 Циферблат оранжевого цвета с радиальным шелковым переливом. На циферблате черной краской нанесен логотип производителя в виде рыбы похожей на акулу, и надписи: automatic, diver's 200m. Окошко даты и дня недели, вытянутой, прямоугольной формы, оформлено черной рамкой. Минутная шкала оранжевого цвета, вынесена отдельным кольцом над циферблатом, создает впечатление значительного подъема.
____________
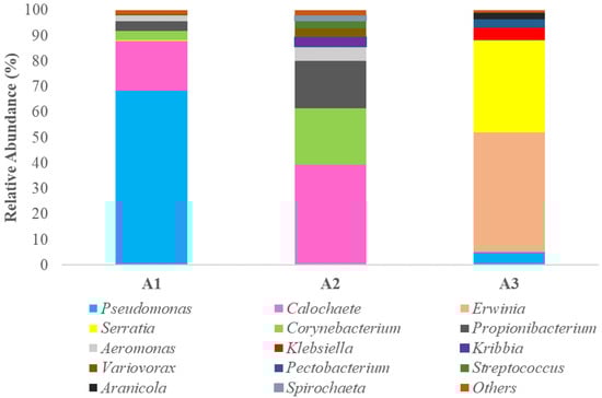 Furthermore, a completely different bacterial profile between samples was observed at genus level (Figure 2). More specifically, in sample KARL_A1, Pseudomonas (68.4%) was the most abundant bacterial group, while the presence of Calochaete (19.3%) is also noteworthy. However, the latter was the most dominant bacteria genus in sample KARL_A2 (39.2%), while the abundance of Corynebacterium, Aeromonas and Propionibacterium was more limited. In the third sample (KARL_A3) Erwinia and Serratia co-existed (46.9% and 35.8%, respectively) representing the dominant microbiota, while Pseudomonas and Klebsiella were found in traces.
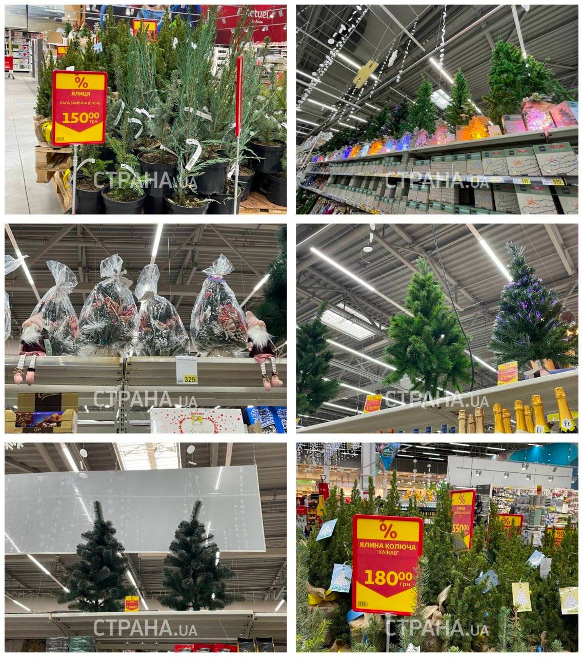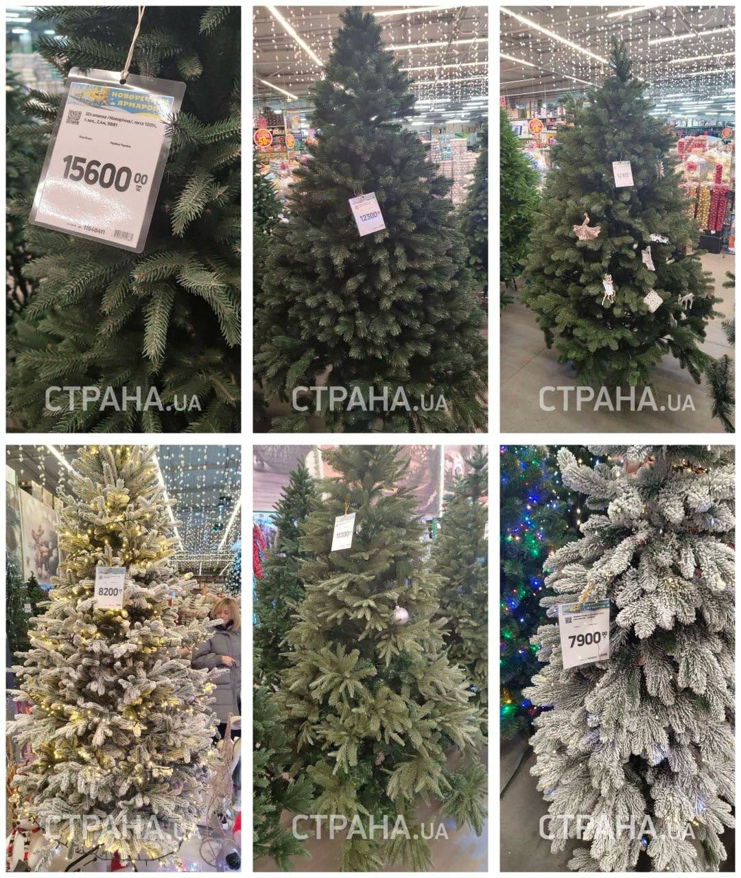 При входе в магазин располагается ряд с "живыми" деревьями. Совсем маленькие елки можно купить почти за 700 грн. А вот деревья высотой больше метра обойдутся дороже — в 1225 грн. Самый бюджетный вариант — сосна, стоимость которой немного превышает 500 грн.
____________
▶ What is needed
Would you print exactly the lines in the listing above, from the line bearing "Furthermore, a completely" through the line bearing "При входе в", leaving out all pictures?

▶ Written answer
 Furthermore, a completely different bacterial profile between samples was observed at genus level (Figure 2). More specifically, in sample KARL_A1, Pseudomonas (68.4%) was the most abundant bacterial group, while the presence of Calochaete (19.3%) is also noteworthy. However, the latter was the most dominant bacteria genus in sample KARL_A2 (39.2%), while the abundance of Corynebacterium, Aeromonas and Propionibacterium was more limited. In the third sample (KARL_A3) Erwinia and Serratia co-existed (46.9% and 35.8%, respectively) representing the dominant microbiota, while Pseudomonas and Klebsiella were found in traces.
 При входе в магазин располагается ряд с "живыми" деревьями. Совсем маленькие елки можно купить почти за 700 грн. А вот деревья высотой больше метра обойдутся дороже — в 1225 грн. Самый бюджетный вариант — сосна, стоимость которой немного превышает 500 грн.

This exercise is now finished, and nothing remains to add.